The first such finding is that many quantification methods are robust to prior probability shift but not to other types of dataset shift. When the simplifying assumptions that characterise prior probability shift (e.g., that the class-conditional densities remain unaltered) are not satisfied, all the tested methods (including SLD, a top performer under prior probability shift) experience a marked degradation in performance.

A second observation is that, while previous theoretical studies indicate that PCC should be the best quantification method for dealing with covariate shift, our experiments reveal that its use should only be recommended when the class label proportions are expected not to change substantially (a setting that we refer to as pure covariate shift).

Such a setting, though, is fairly uninteresting in real-life applications, and our experiments show that other methods (particularly: SLD and PACC) are preferable to PCC when covariate shift is accompanied by a change in the priors. However, even SLD becomes unstable under certain conditions in which both covariates and labels change. We argue that such a setting, which we have called local covariate shift, shows up in many applications of interest (e.g., prevalence estimation of plankton subspecies in sea water samples (González et al. 2019), or seabed cover mapping (Beijbom et al. 2015), in which finer-grained unobserved classes are grouped into coarser-grained observed classes.

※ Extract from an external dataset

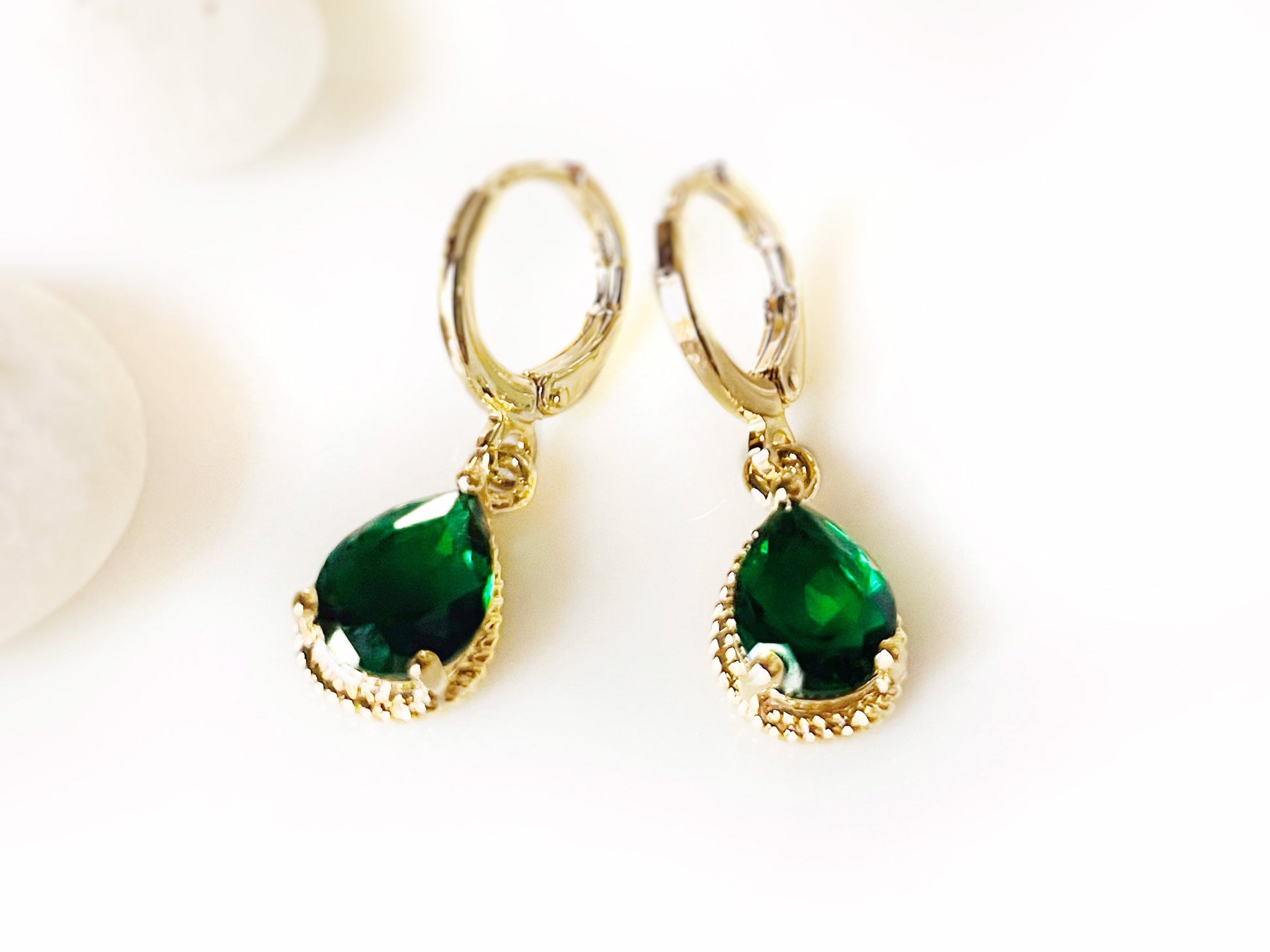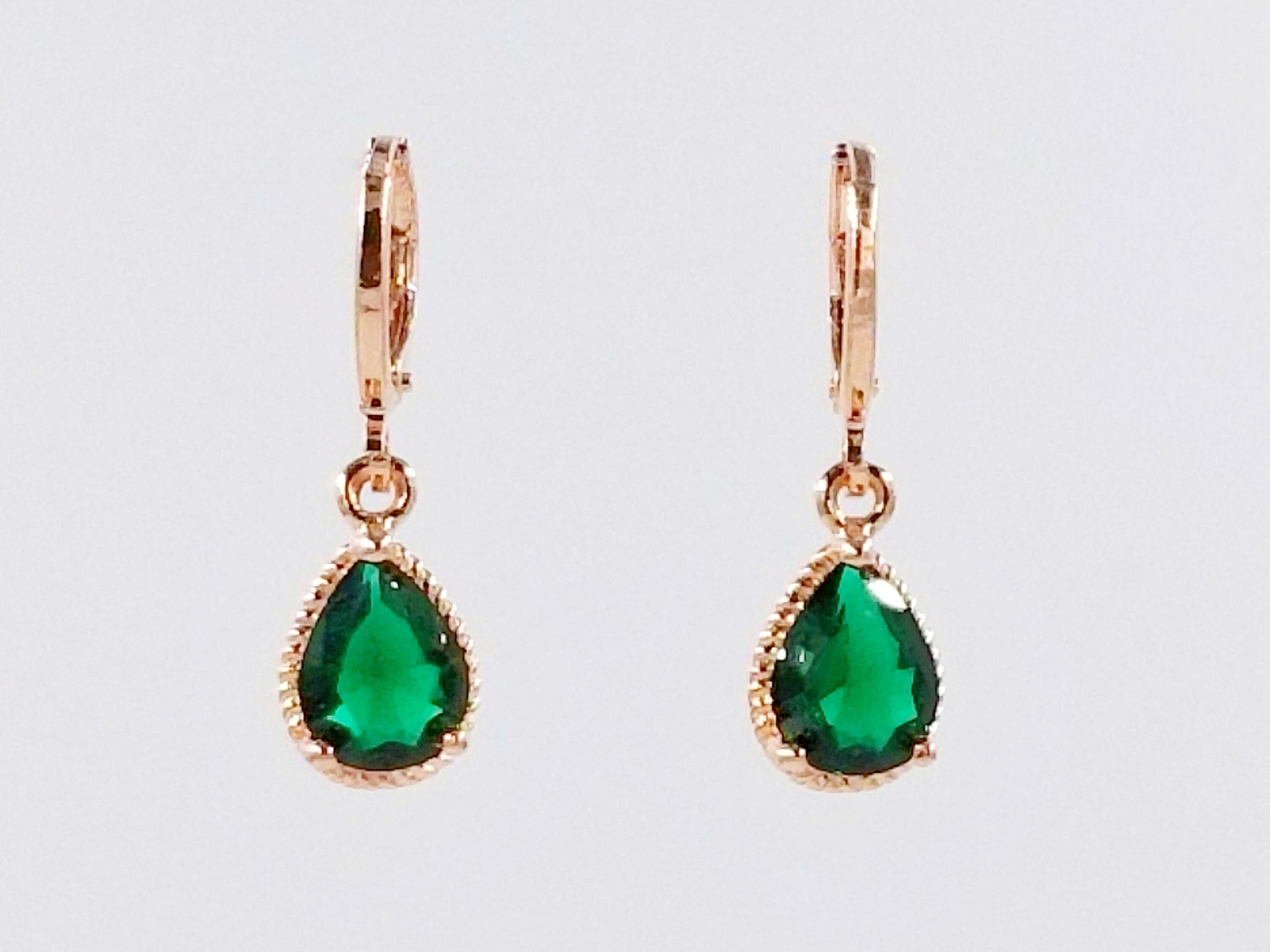 Small emerald teardrop bezel earrings crafted in 14 rose gold, 14K yellow gold or 18k white gold over brass. These created emerald gemstones are faceted for maximum sparkles. Each gemstone is 10x7mm. Light weight and elegant for any occasion.
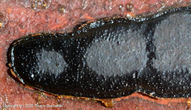 Périthèces de 0.4 à 0.6 mm de diamètre, à peu près au même niveau que le stroma.

Finally, our results highlight the limitations that all quantification methods exhibit when coping with concept shift. This was to be expected since no method can adapt to arbitrary changes in the functional relationship between covariates and classes without the aid of external information. The same batch of experiments also shows that concept shift may induce a change in the priors that can partially compensate the bias of a quantifier; however, such an improvement is illusory and accidental, and it is difficult to envision clever ways for taking advantage of this phenomenon.

Possible directions for future work include extending the protocols we have devised to other specific types of shift that may be application-dependent (e.g., shifts due to transductive active learning (Kottke et al. 2022), to oversampling of positive training examples in imbalanced data scenarios (Moreo et al. 2016), to concept shifts in cross-lingual applications), and to types of quantification other than binary (e.g., multiclass, ordinal, multi-label). The goal of such research, as well of the research presented in this paper, is to allow a correct evaluation of the potential of different quantification methods when confronted with the different ways in which the unlabelled data we want to quantify on differs from the training data, and to stimulate research in new quantification methods capable of tackling the types of shift that current methods are insufficiently equipped for.